== The task ==
The result should hold only the lines from the one with "Cabinet door latch" through the final line of the data below, transcribed exactly, pictures left out.

== Data under study ==
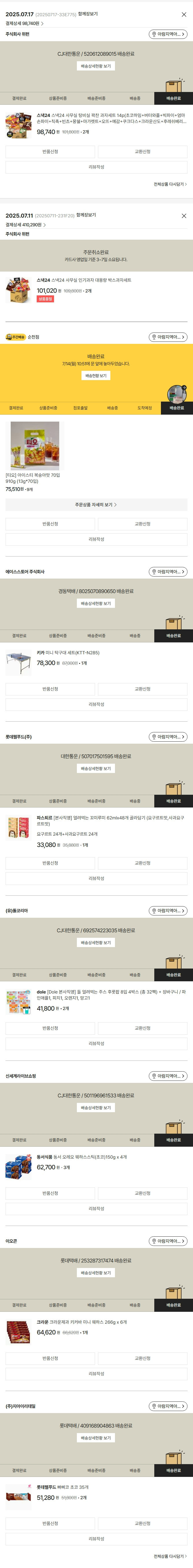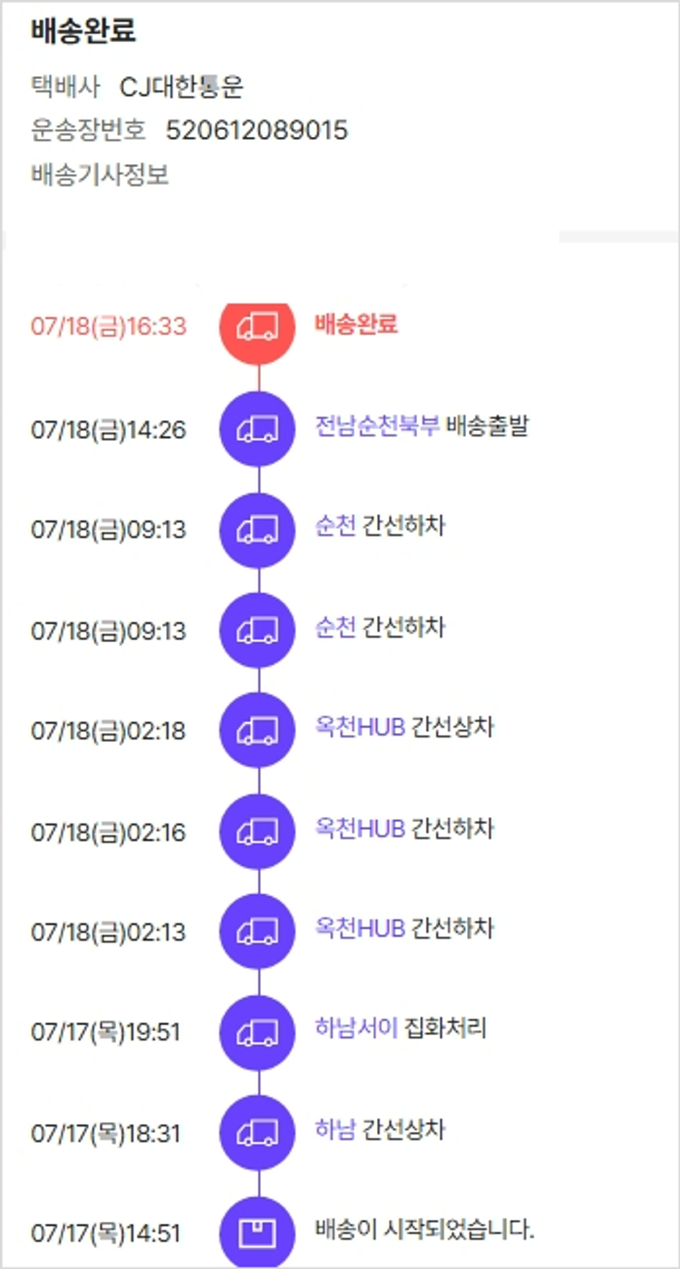 기부자님이 사용한 기부포인트 7,000원, 물품배송비 3,000원, 가격상승분 15,280원, 100원 미만 지원금 50원, 결제 수수료 10,593원, 기타 사업비는 행복나눔재단이 부담했습니다. (기부후기 발송시점에 최종 업데이트 됩니다.) 상품 주문 건 중 품절 발생하여 2025-07-17 재주문하였습니다. 실제 쇼핑몰에서 확인되는 배송현황을 캡처한 내용입니다. 실시간 자료와는 차이가 있을 수 있습니다.
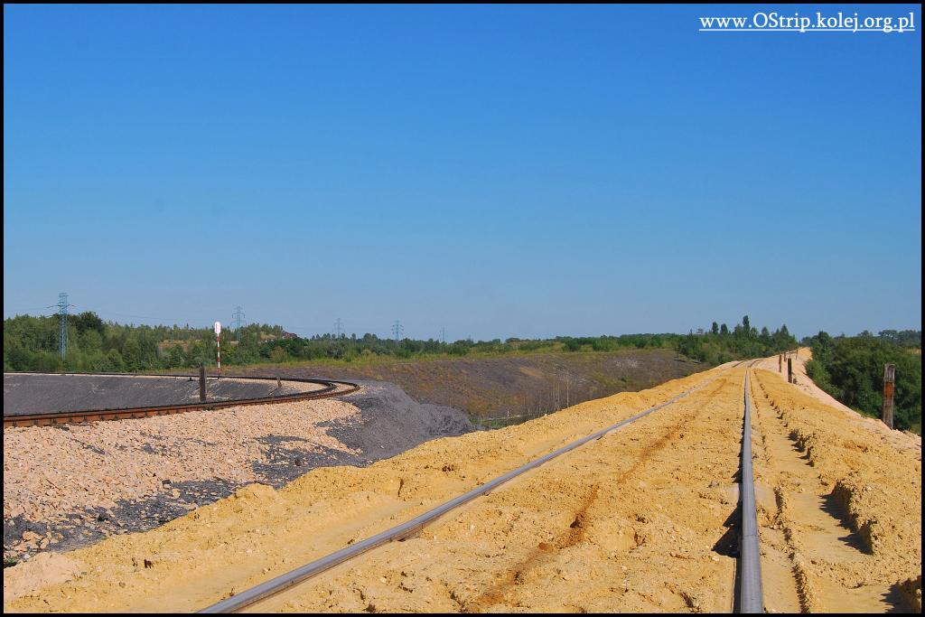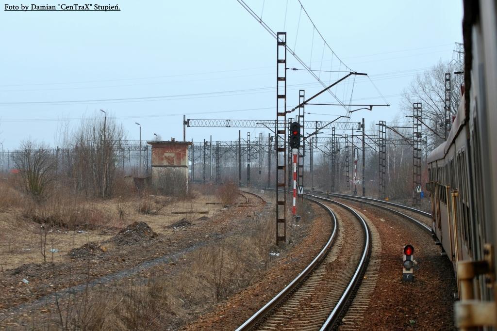 Widok w kierunku stacji Brzeziny Śląskie. Po lewej widać tor bocznicy w kierunku KWK Julian (ZG Piekary).
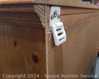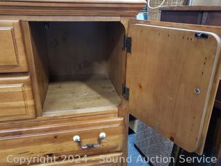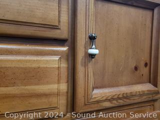 Cabinet door latch is messed up needs replaced, not working properly cannot shut door all the way. Wood fronts, particle board construction, wood veneer, laminate top. 45" H x 36" W x 18" D. Matches the previous lot. Some scuffs, scratches in finish.
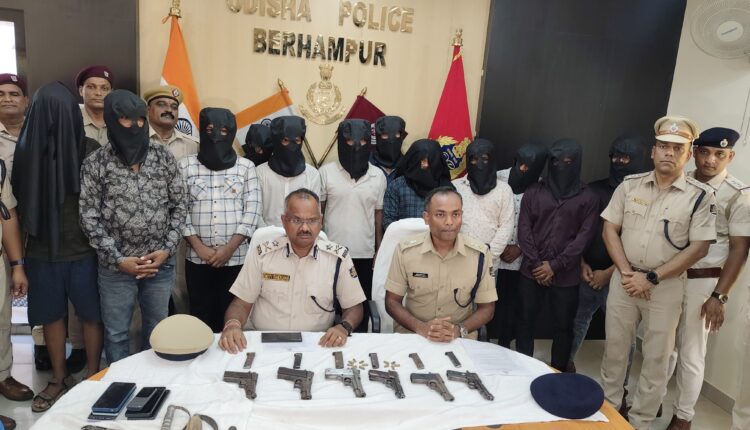 Berhampur: In a significant operation aimed at curbing criminal activities, Berhampur Police arrested 12 notorious anti-socials and seized 6 pistols, 12 rounds of live ammunition.
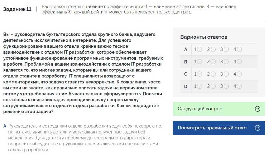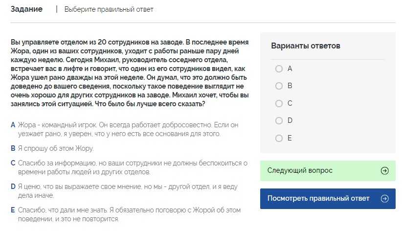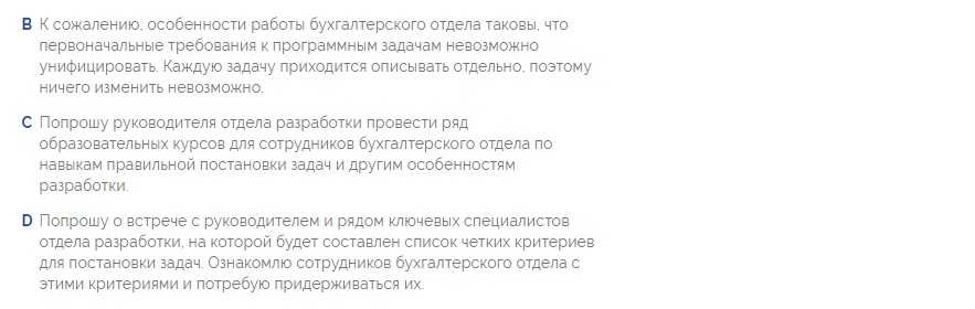 Рассмотрим еще один пример. Это более сложный и объемный ситуационный тест на критическое мышление. Как вы бы расставили ответы по их эффективности в этой ситуации?
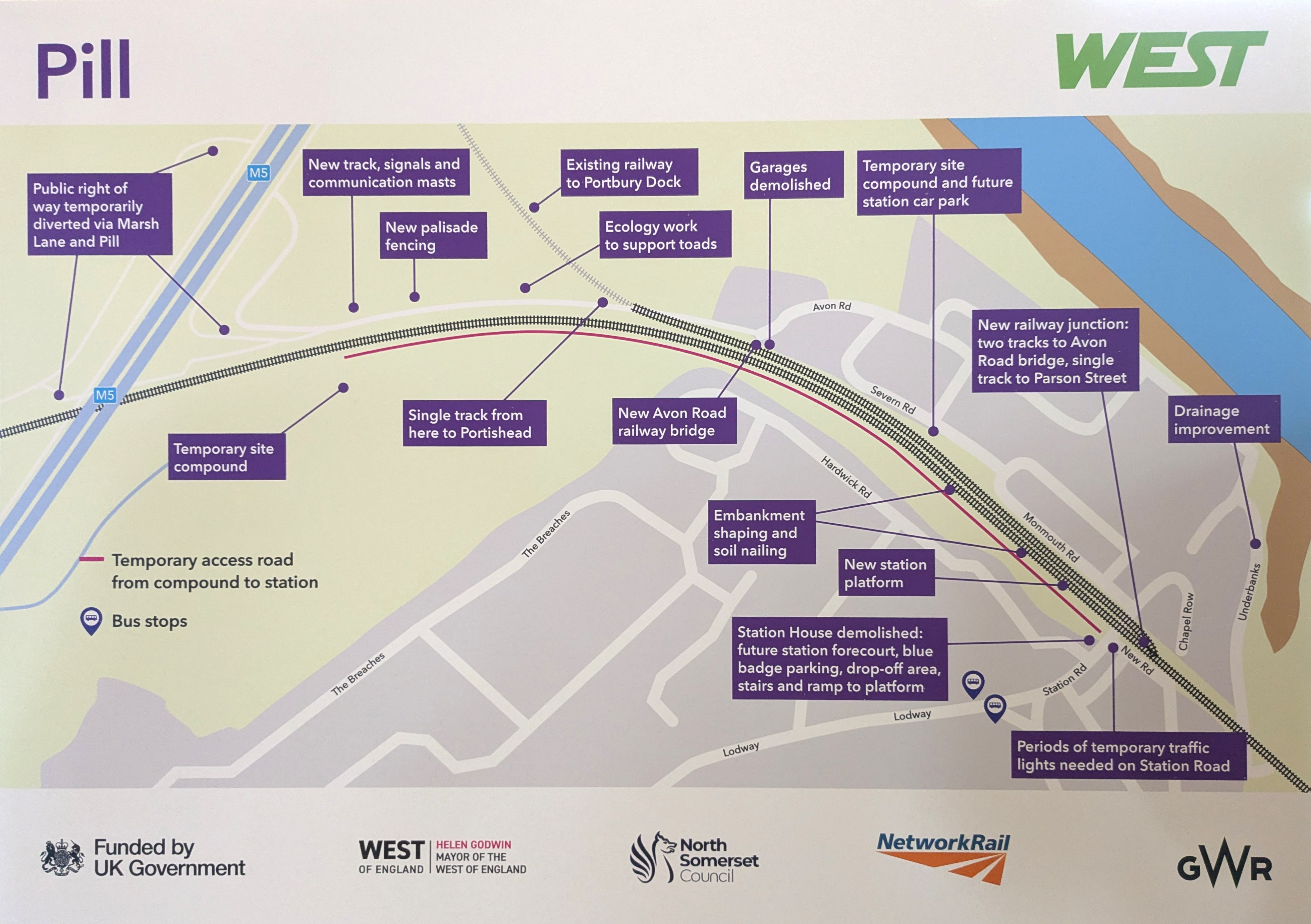The map above shows the work planned at Pill station and surrounding area. Click map to enlarge |

== Problem solution ==
 Cabinet door latch is messed up needs replaced, not working properly cannot shut door all the way. Wood fronts, particle board construction, wood veneer, laminate top. 45" H x 36" W x 18" D. Matches the previous lot. Some scuffs, scratches in finish.
 Berhampur: In a significant operation aimed at curbing criminal activities, Berhampur Police arrested 12 notorious anti-socials and seized 6 pistols, 12 rounds of live ammunition.
 Рассмотрим еще один пример. Это более сложный и объемный ситуационный тест на критическое мышление. Как вы бы расставили ответы по их эффективности в этой ситуации?
The map above shows the work planned at Pill station and surrounding area. Click map to enlarge |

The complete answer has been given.